5) Hardening and ergonomics

  • Enable services on boot:
# Docker
sudo systemctl enable --now docker

# Podman socket (rootless)
systemctl --user enable --now podman.socket
loginctl enable-linger "$USER"
  • Open firewall ports as needed:

    • Ubuntu UFW:
    sudo ufw allow 22/tcp
    sudo ufw allow 11434/tcp   # Ollama
    sudo ufw allow 3000/tcp    # Open WebUI
    sudo ufw allow 8188/tcp    # ComfyUI
    
    • Fedora/openSUSE firewalld:
    sudo firewall-cmd --add-port=22/tcp --permanent
    sudo firewall-cmd --add-port=11434/tcp --permanent
    sudo firewall-cmd --add-port=3000/tcp --permanent
    sudo firewall-cmd --add-port=8188/tcp --permanent
    sudo firewall-cmd --reload
    
  • Backups and storage:

    • Keep large model files on a dedicated volume (/opt/ai/models).
    • Use version control for configs and scripts.
    • Consider btrfs/ZFS snapshots for quick rollback.
  • Monitoring:

watch -n1 nvidia-smi   # GPU usage (NVIDIA)
htop                   # CPU/memory
docker stats           # Container metrics

Real-world sizing tips

  • General-purpose LLM chat: 8–16 CPU cores, 32–64 GB RAM, 12–24 GB VRAM if you want mid-sized models (7–13B) at decent speed.

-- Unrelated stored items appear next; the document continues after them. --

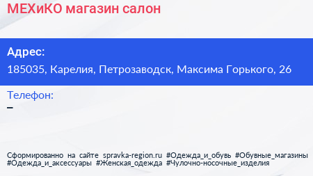 МЕХиКО, магазин-салон по адресу 185035, Карелия, Петрозаводск, Максима Горького, 26 в дальнейшем Организация, размещена в следующих категориях:
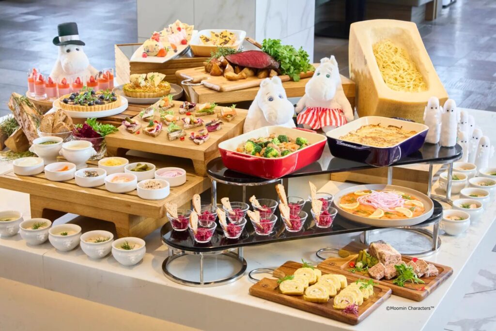ディルオイルとローストポテトを添えたモダンサーモンや、伝統的な煮込み料理カルヤランパイスティなどフィンランドならではの料理はもちろん、デザートにも爽やかなフィンランド風ラズベリームースなどをがラインナップ。「ムーミン」のストーリーとともに、現地の息づかいを感じる“北欧の食”を味わえる特別なブッフェで、心温まるひとときを過ごせます。
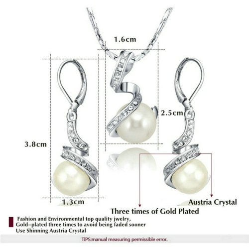 - Feature : This jewelry sets consist of a pair of dangling earrings and a necklace with white pearl pendant and Austrian crystals decorated with sparkling grace and beauty. / Three layers of 18K white gold plated, nickel free and tarnish free, silver color. The set is a perfect accessory to your outfit or as an appropriate gift used in wedding and engagement party or other occasions. It brings an elegant and graceful look to any special occasion. / The necklace chain is 15.7'' long with an 1.95'' extended line which is convenient for you to adjust the length. / The necklace pendant size is 1''*0.6'', the dangling earring size is 1.5''*0.5''. / Shipped out in an exquisite jewelry gift box. If not fulfilled by Amazon, delivery time 7-15 days. One year warranty.
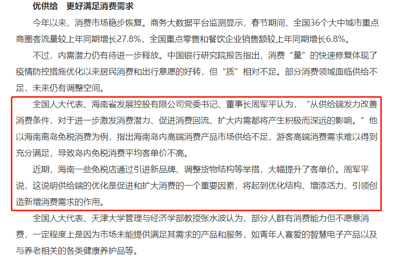 報道圍繞“如何讓消費‘熱’起來?怎樣解決不便消費、不愿消費、不敢消費等突出問題以釋放消費潛力?”采訪全國兩會代表委員。報道提及:全國人大代表、海南省發(fā)展控股有限公司黨委書記、董事長周軍平認為,“從供給端發(fā)力改善消費條件,對于進一步激發(fā)消費潛力、促進消費回流、擴大內需都將產生積極而深遠的影響。”他以海南離島免稅消費為例,指出海南島內高端消費產品市場供給不足,游客高端消費需求難以得到充分滿足,導致島內免稅消費平均客單價不高。近期,海南一些免稅店通過引進新品牌、調整貨物結構等舉措,大幅提升了客單價。周軍平說,這說明供給端的優(yōu)化是促進和擴大消費的一個重要因素,將起到優(yōu)化結構、增添活力、引領創(chuàng)造新增消費需求的作用。
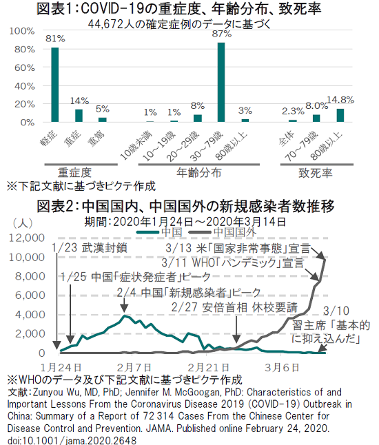 米国医師会雑誌(The Journal of the American MedicalAssociation ) に2 月24 日に掲載された「中国におけるCOVID-19アクトブレイクの特徴と重要な教訓(中国CDCによる72,314症例の報告と概要)」によると:①COVID-19は、わずか30日間で1つの都市から全国に急拡大をした、②確定症例の81%が軽症だが年齢分布をみると、高齢者、例えば80歳以上の致死率は14.8%と高水準(図表1参照)、③「新規感染者」(陽性反応により感染が確定した症状発症者)が増え始めた段階では「症状発症者」(症状は発症したが、検査をしていないため「新規感染者」として認識されていない患者、遡及調査に基づく) は急速に増加していた(1月23日時点で「症状発症者」は約2500人)、④武漢を1月23日封鎖した直後の1月25日に「症状発症者」はピークをつけるが「新規感染者」は増え続け、2月4日にピークをつけて終息に向った、と分析されている(図表2参照)。また、3月10日に習主席は武漢市を初訪問し、湖北省での感染について「基本的に抑え込んだ」と宣言した。
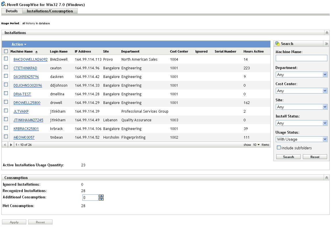 A discovered product’s Installation/Consumption page shows the number of usage hours for each installation.
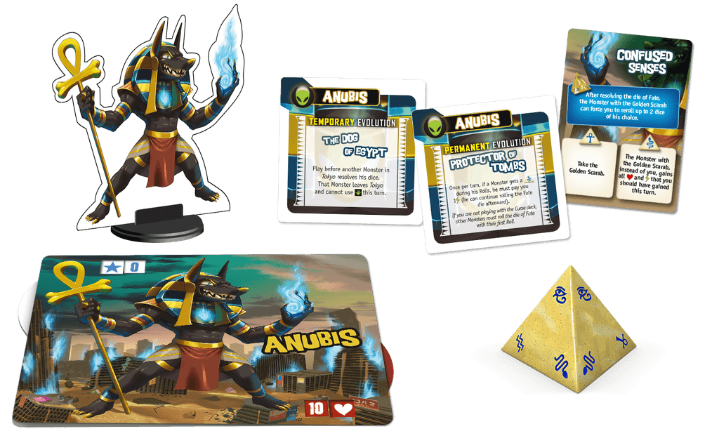 The Anubis Monster Pack is compatible with the King of Tokyo and King of New York base games and with all their expansions. The Anubis Monster Pack introduces a new game component in the form of the die of fate! You can use the die of fate in your games even if you play without Evolution cards or are not playing with Anubis.
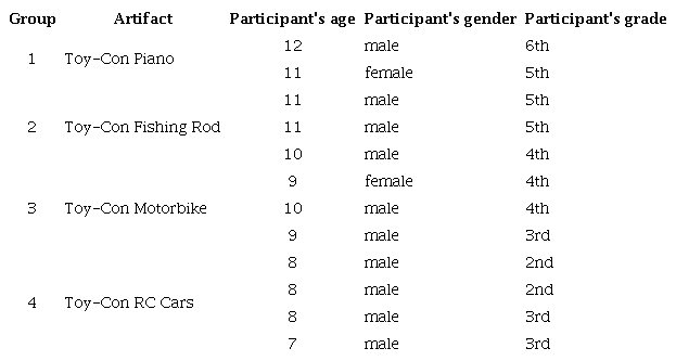 The participants of this study were twelve kids, whose ages ranged from eight to twelve. These kids were grouped and assigned one artifact to build as displayed in table 2.
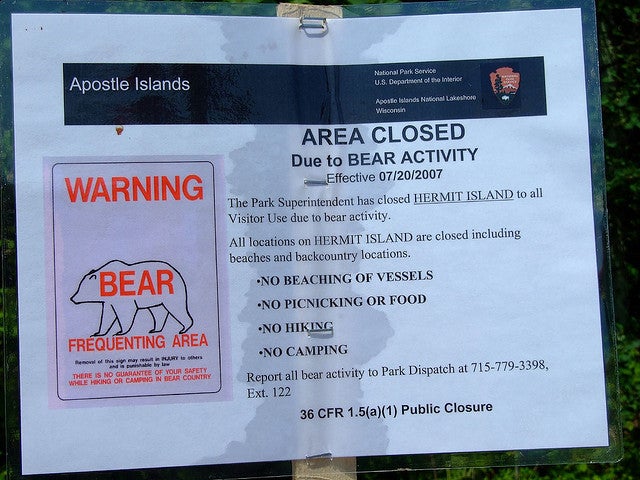 Oak Island has the most bears of any of the Apostles, with about half of the 40 or so in the 21-island group. Apostle Islands resources manager Julie Van Stappen said they closed the dock area two weeks ago because of a hungry old bruin that had reportedly been poking its nose around places it shouldn’t have been.
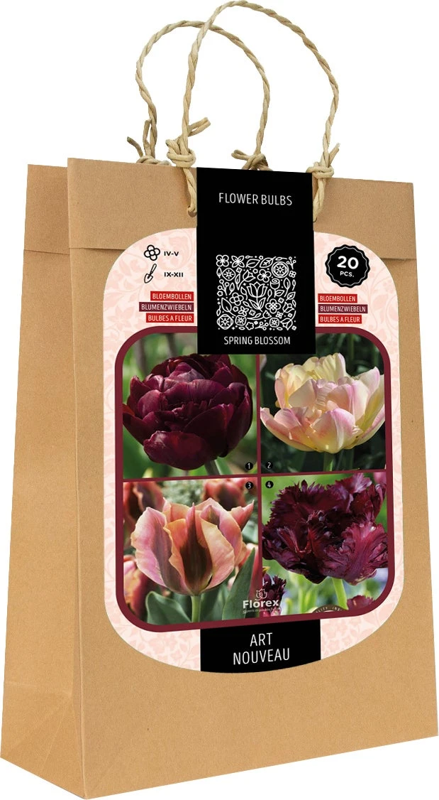 Een fraaie selectie van mooi gecombineerde bloembollen in een handige tas. De tulpen zijn in het rood roze en oranje, 20 stuks.
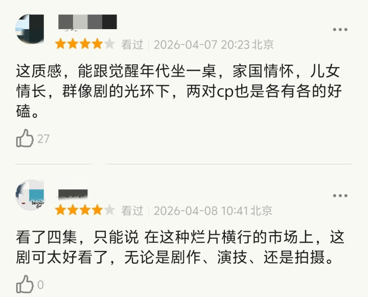 其实这些年,不雅众早就被得过且过的年代剧伤透了心。 要么是流量明星面瘫脸演豪杰,全程一个色调演完一部剧。 要么是披着抗战的外套谈恋爱,把炊火岁月里的信守,拍成了狗血偶像剧。 要么是剧情破绽百出,逻辑硬伤多到离谱,不雅众看一眼就想弃剧。
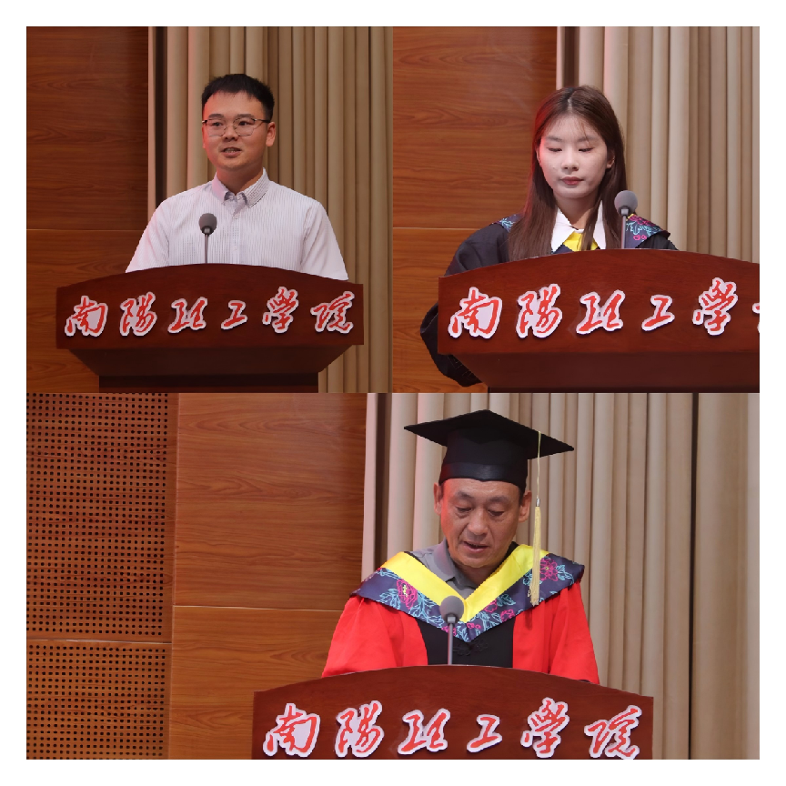 毕业生优秀导师代表吴鹏宇对毕业生致以诚挚的祝福,并回顾大学时光里同学们求知与成长的点滴。他鼓励同学们将毕业视为新起点,坚持梦想、直面挑战,以担当之姿践行责任,以终身学习保持进步。
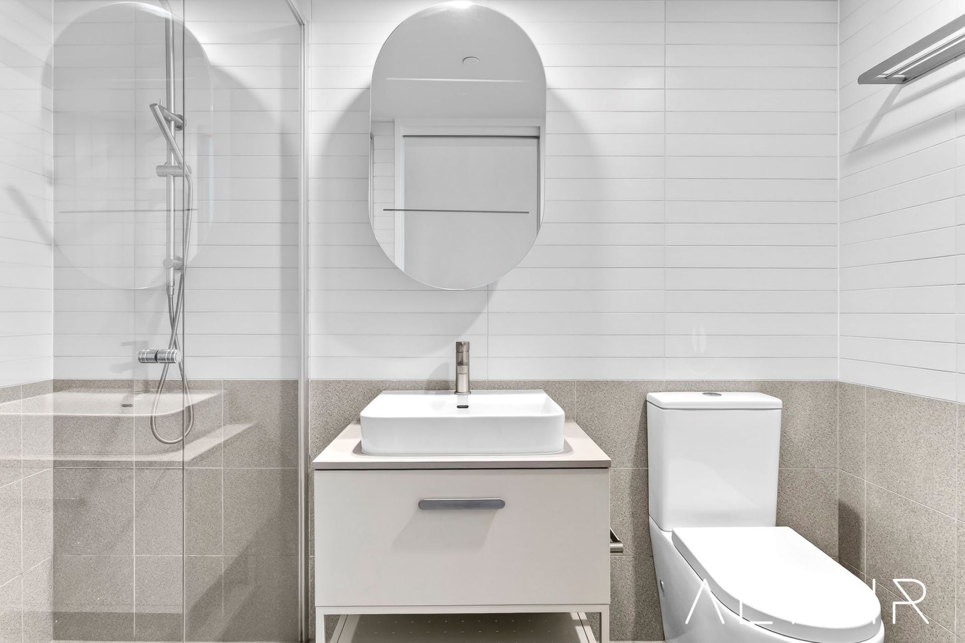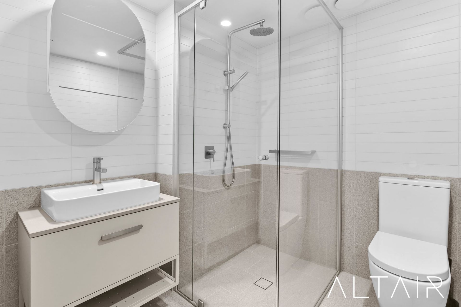 The modern bathrooms both feature designer finishes including full height tiling, custom built vanity units, semi-frameless shower screens & mirror shaving cupboard.
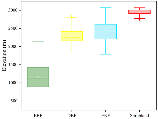 In this study, field investigation data from the Forest Germplasm Resources and Valuable Trees Survey Project on Mount Emei were utilised as the reference data. The data were obtained by our research group through a field investigation between 2019 and 2020. The investigation data include the coordinates of the sample plots, forest types, and environmental factors. A total of 724 sample plots were selected as the reference data. The forest type of each sample plot was ascribed based on the type that occupied more than 50% of the area within the sample area. The final classification types included evergreen broadleaf forest (EBF), deciduous broadleaf forest (DBF), evergreen needleleaf forest (ENF), and shrubland. The selected sample plots were divided into a training set (60%), a validation set (20%), and a test set (20%) (Table 1). The division was based on two principles: (1) these sets were independent of each other, (2) the sample plots in all sets were evenly distributed.
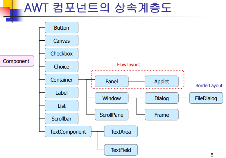 ▶ AWT 구현순서 : 반드시 Container 가 제일 밑에 깔리고 그 위에 Component 가 올라와야 함

  • Image generation: More VRAM helps (12 GB+). A 24 GB GPU is comfortable for SDXL pipelines.

  • Disk: NVMe SSDs dramatically reduce model load times. Budget 50–200 GB for models and checkpoints as you explore.


Conclusion and next steps (CTA)

You now have the essentials to run private, local AI:

  • Base Linux toolset and directories

  • Containers or Python venvs for clean, reproducible experiments

  • Optional GPU acceleration with NVIDIA drivers

  • Real workloads: Ollama + Open WebUI and ComfyUI

Next steps:

  • Add a vector database (Chroma, Qdrant) and build a simple RAG pipeline for your documents.

  • Script repeatable setups with Bash and Compose files.

  • Explore scheduling/queuing (systemd timers, cron) and monitoring (Prometheus + Grafana).

  • Benchmark models on your hardware to pick the right size/quantization.

If this helped, try one small project today: install Ollama, pull a 7B model, and wire it to Open WebUI. In under an hour you’ll have your own private assistant — powered by Linux and Bash.